Porém, mais horrível do que qualquer outro trabalho arqueológico recente, foi a descoberta de dezenas de ossos humanos perto de Tenochtitlan, quase certamente de sacrifícios humanos. Estudos revelaram que alguns desses ossos eram de soldados espanhóis – evidência de que a conquista do Império Asteca por Cortés, embora brutalmente bem-sucedida no final, nem sempre seguiu o caminho dos espanhóis.
Além do mais, a recente análise detalhada das evidências históricas levou a uma reavaliação da própria conquista espanhola.

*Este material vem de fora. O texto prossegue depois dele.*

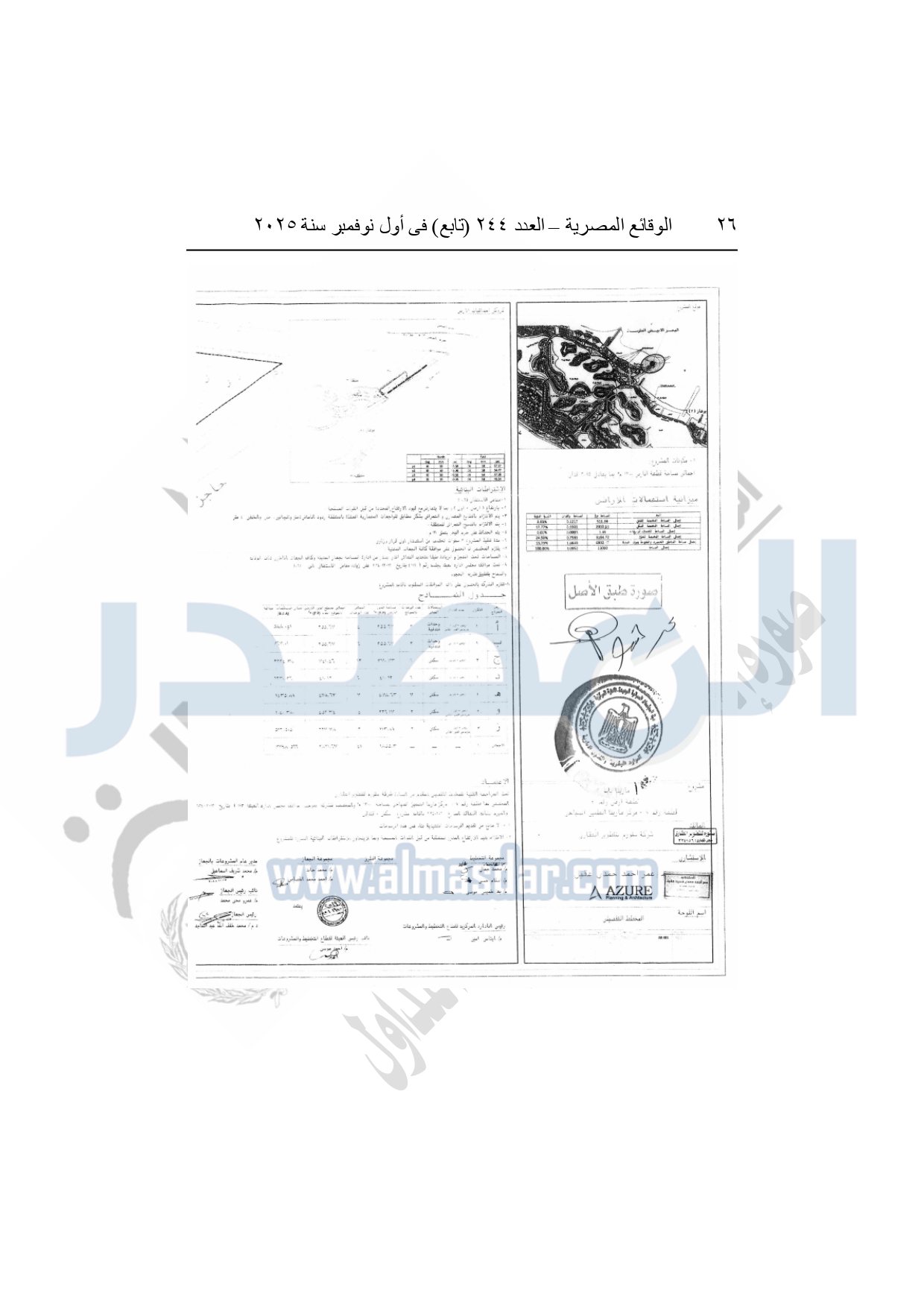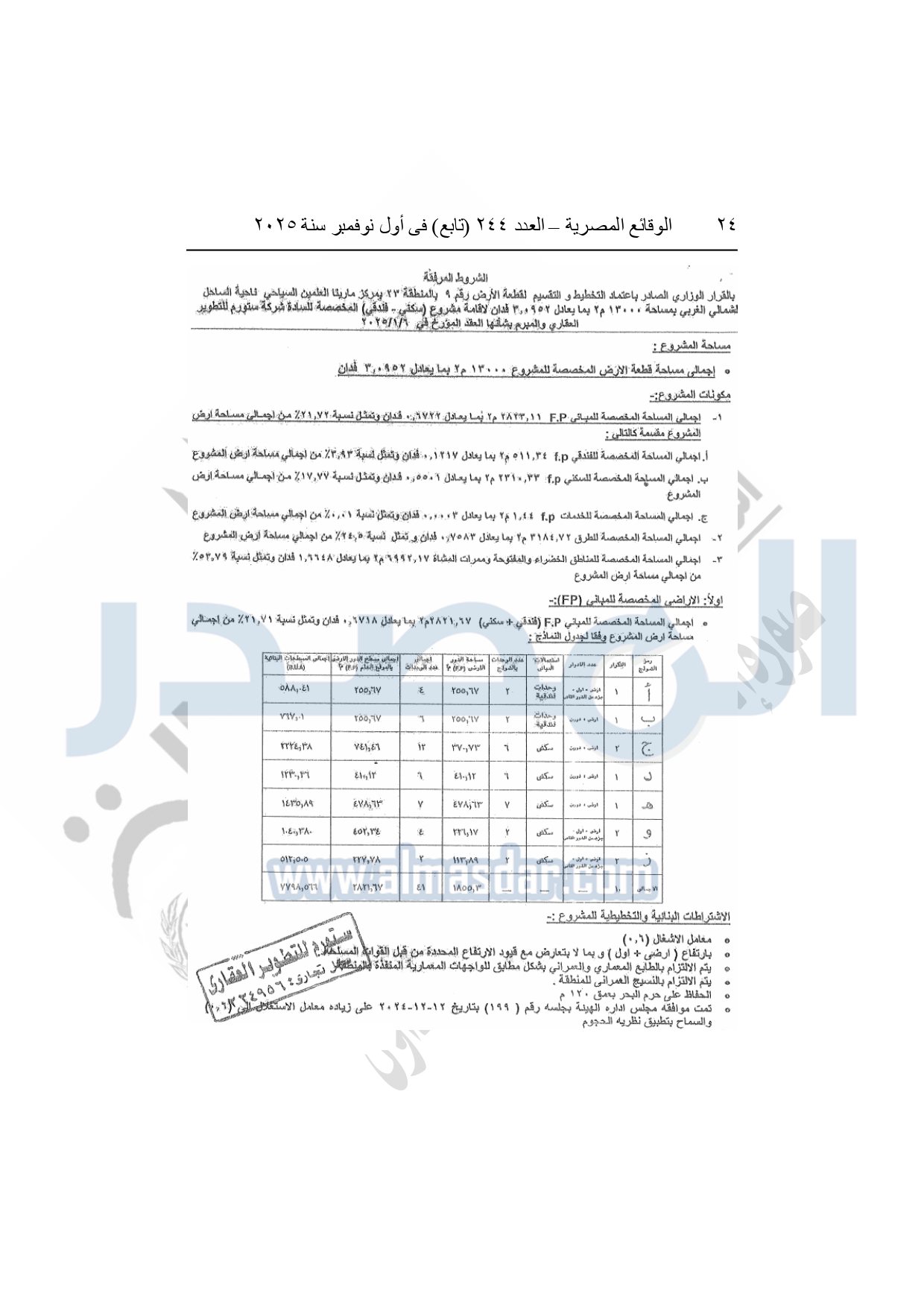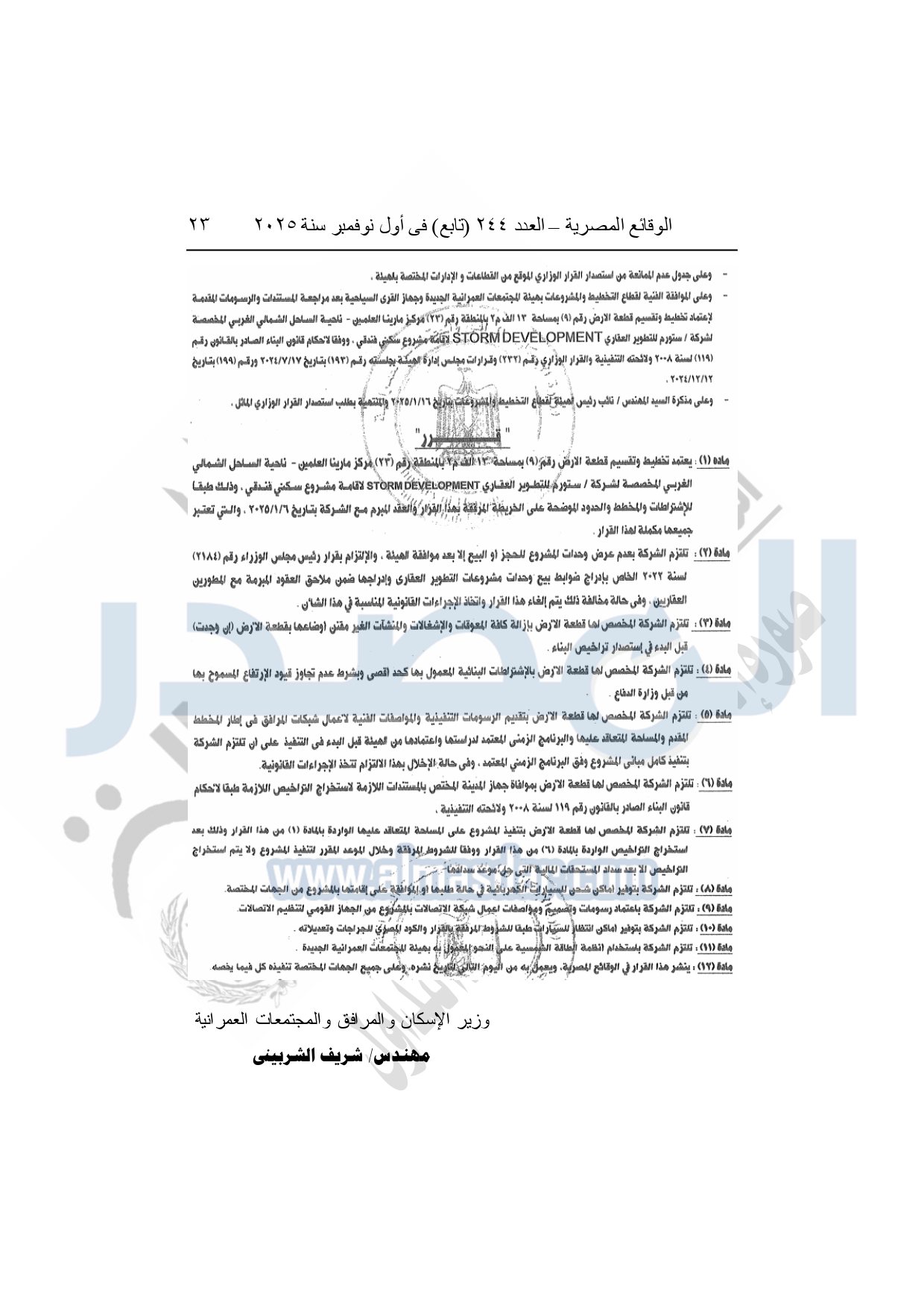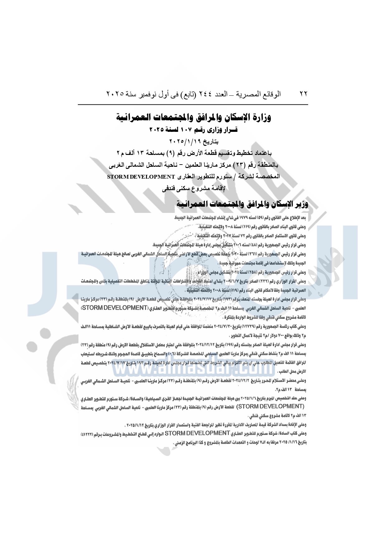 نشرت الوقائع المصرية في العدد 244 "تابع"، الصادر في أول نوفمبر 2025، قرار وزارة الإسكان والمرافق والمجتمعات العمرانية، رقم 107 لسنة 2025، بتاريخ 19-1-2025، بشأن اعتماد تخطيط وتقسيم قطعة الأرض رقم "9" بمساحة 13 ألف م2 بالمنطقة رقم "23" مركز مارينا العلمين - ناحية الساحل الشمالي الغربي المخصصة لشركة ستورم للتطوير العقارى STORM DEVELOPMENT لإقامة مشروع سكنى فندفي.

As percepções tradicionais sempre o retrataram como um triunfo militar quase sobre-humano – apenas “algumas centenas” de soldados espanhóis (embora armados com armas de fogo e aço) que derrotaram o poder do Império Asteca. A realidade emergente é, no entanto, um pouco diferente. Em vez de ser uma conquista militar predominantemente espanhola (por 3.000 soldados espanhóis), deveria ser vista como uma conquista diplomática espanhola. Cortés só teve sucesso porque se concentrou em conquistar uma série de cidades-estado mexicanas que estavam dispostas a ajudar a Espanha a derrubar o Império. Na verdade, foram esses aliados nativos que forneceram 95 por cento das forças militares de Cortés. Além disso, pesquisas recentes também destacaram a importância central de La Malinche para ajudar a formar essas alianças locais cruciais.
Para os aliados que colaboraram com os espanhóis, foi uma vitória de Pirro. O controle espanhol encerrou uma era de ouro de padrões de vida relativamente altos para os mesoamericanos comuns: civilizações da era asteca do México e da América Central tinham sistemas públicos de irrigação e abastecimento de alimentos altamente eficientes, aquedutos públicos fornecendo água potável, sistemas de esgoto públicos eficientes, níveis elevados de público higiene, excelente planejamento urbano (incluindo cidades-jardins ultravioleta), baixas taxas de doenças – e muito mais direitos humanos (incluindo direitos das mulheres) do que sob o domínio colonial espanhol.